Question 1198377
### **1. Cost Function \( C(x) \):**

The total cost \( C(x) \) includes three components:
1. **Material and manufacturing cost**:
   - The total number of widgets demanded annually is \( N \).
   - Each widget costs \( b \) dollars to make.
   - The **total manufacturing cost** is:
     \[
     \text{Manufacturing Cost} = N \cdot b
     \]

2. **Setup cost**:
   - A production run is done every \( x \) widgets.
   - The total number of production runs per year is \( \frac{N}{x} \) (since \( N \) widgets are needed annually, and \( x \) widgets are produced per run).
   - Each production run incurs a setup cost \( P \).
   - The **total setup cost** is:
     \[
     \text{Setup Cost} = \frac{N}{x} \cdot P
     \]

3. **Storage cost**:
   - Widgets are produced in batches of \( x \) and consumed uniformly over the year.
   - The average number of widgets stored at any time is \( \frac{x}{2} \) (half of the production run, assuming constant consumption).
   - The storage cost per widget per year is \( c \).
   - The **total storage cost** is:
     \[
     \text{Storage Cost} = \frac{x}{2} \cdot c
     \]

Combining these components, the total cost function is:
\[
C(x) = N \cdot b + \frac{N}{x} \cdot P + \frac{x}{2} \cdot c
\]

---

### **2. Constraints on \( x \):**

1. \( x > 0 \): The production run size must be positive.
2. \( x \leq N \): The production run size cannot exceed the total annual demand.

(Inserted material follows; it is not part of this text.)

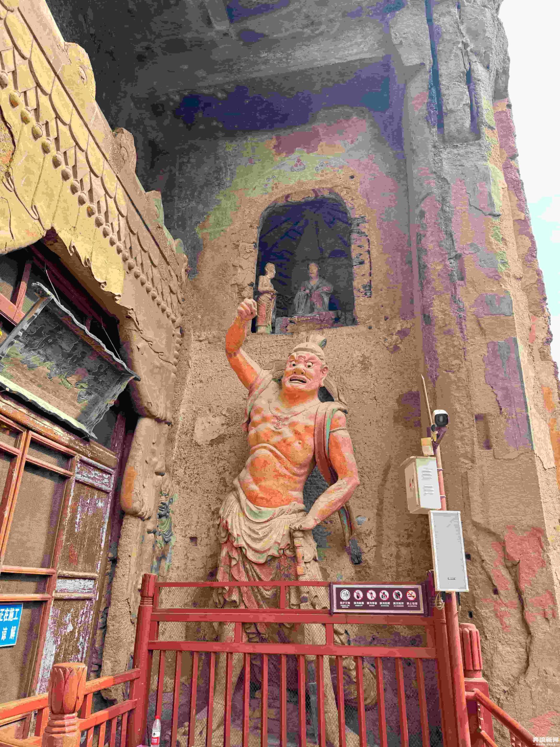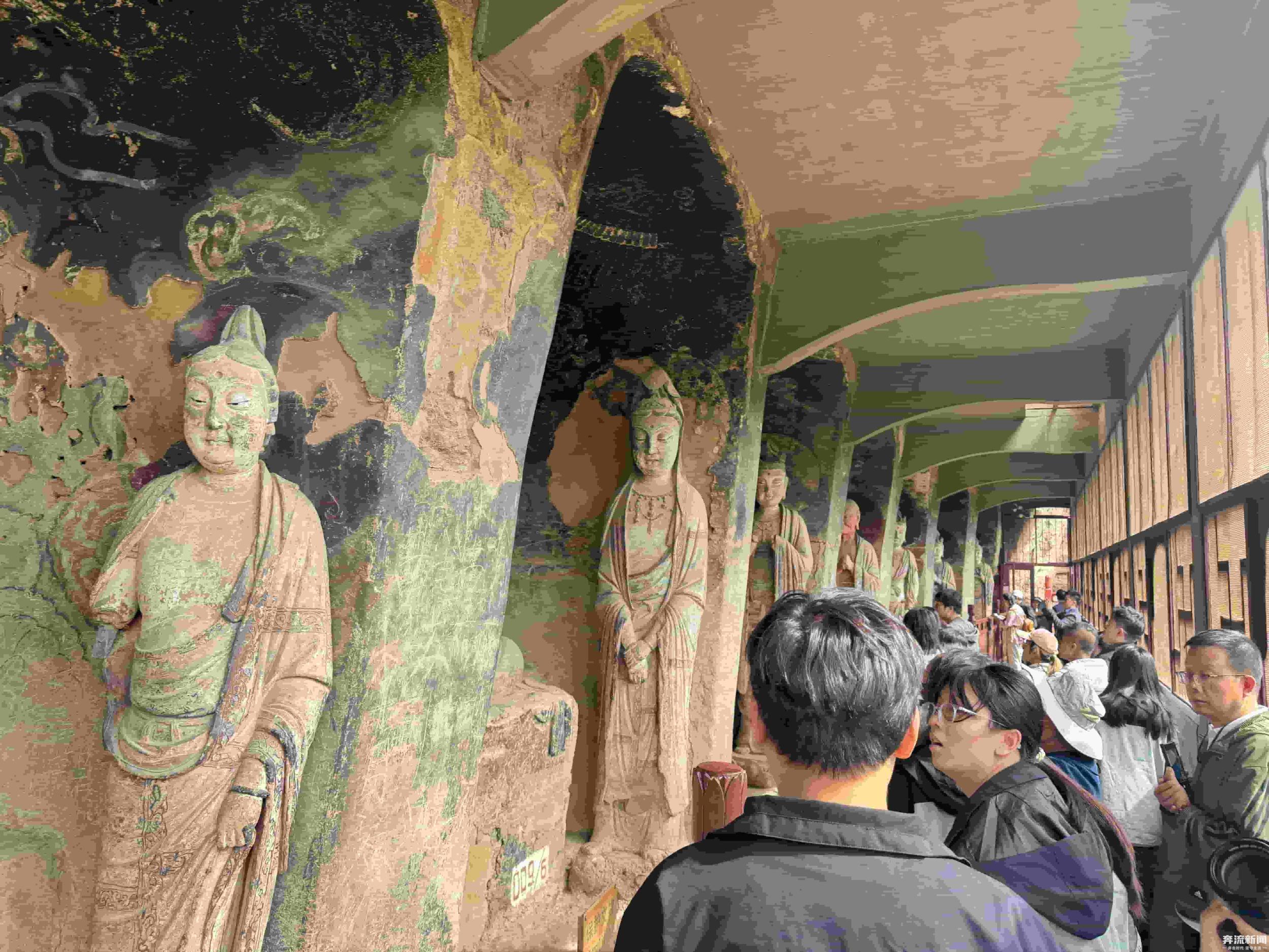 窟內(nèi)佛像造型各異,色彩鮮艷,既有莊嚴(yán)肅穆的佛祖、菩薩,也有生動活潑的弟子、天王。這些造像中,雖然有石雕和個(gè)別的木雕,但主要以泥塑為主,體現(xiàn)了多朝代中國佛教泥塑造像藝術(shù)的發(fā)展演變規(guī)律。奔流新聞記者了解到,在技法上,工匠們運(yùn)用了圓雕、浮雕、鏤雕等多種技藝,使得佛像栩栩如生,富有強(qiáng)烈的立體感和動感。麥積山石窟也因?yàn)槠洫?dú)特的“東方微笑”與精美的泥塑藝術(shù)聞名于世,被譽(yù)為“東方雕塑陳列館”。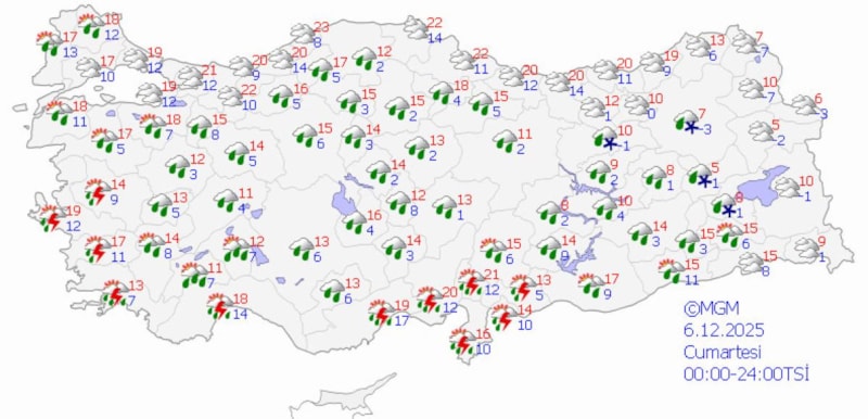 Meteoroloji Genel Müdürlüğü, son hava durumu tahminlerini yayınladı.

Thus, \( x \) must satisfy:
\[
0 < x \leq N
\]

---

### **3. Minimizing \( C(x) \):**

To minimize \( C(x) \), take the derivative of \( C(x) \) with respect to \( x \) and set it to zero.

\[
C(x) = N \cdot b + \frac{N}{x} \cdot P + \frac{x}{2} \cdot c
\]
\[
\frac{dC}{dx} = -\frac{N \cdot P}{x^2} + \frac{c}{2}
\]

Set \( \frac{dC}{dx} = 0 \):
\[
-\frac{N \cdot P}{x^2} + \frac{c}{2} = 0
\]
\[
\frac{N \cdot P}{x^2} = \frac{c}{2}
\]
\[
x^2 = \frac{2 \cdot N \cdot P}{c}
\]
\[
x = \sqrt{\frac{2 \cdot N \cdot P}{c}}
\]

---

### **4. Verifying Minimum:**

To confirm that this value of \( x \) gives a global minimum, examine the second derivative:
\[
\frac{d^2C}{dx^2} = \frac{2N \cdot P}{x^3}
\]

For \( x > 0 \), \( \frac{d^2C}{dx^2} > 0 \), indicating that \( C(x) \) is convex and has a global minimum at \( x = \sqrt{\frac{2 \cdot N \cdot P}{c}} \).

---

### **5. Number of Production Runs per Year:**

The number of production runs per year is:
\[
\text{Production Runs} = \frac{N}{x}
\]

Substitute \( x = \sqrt{\frac{2 \cdot N \cdot P}{c}} \):
\[
\text{Production Runs} = \frac{N}{\sqrt{\frac{2 \cdot N \cdot P}{c}}} = \sqrt{\frac{N \cdot c}{2 \cdot P}}
\]

---

### **Summary of Results:**

1. **Cost Function**:
   \[
   C(x) = N \cdot b + \frac{N \cdot P}{x} + \frac{x \cdot c}{2}
   \]

2. **Optimal Production Run Size**:
   \[
   x = \sqrt{\frac{2 \cdot N \cdot P}{c}}
   \]

3. **Number of Production Runs per Year**:
   \[
   \text{Production Runs} = \sqrt{\frac{N \cdot c}{2 \cdot P}}
   \]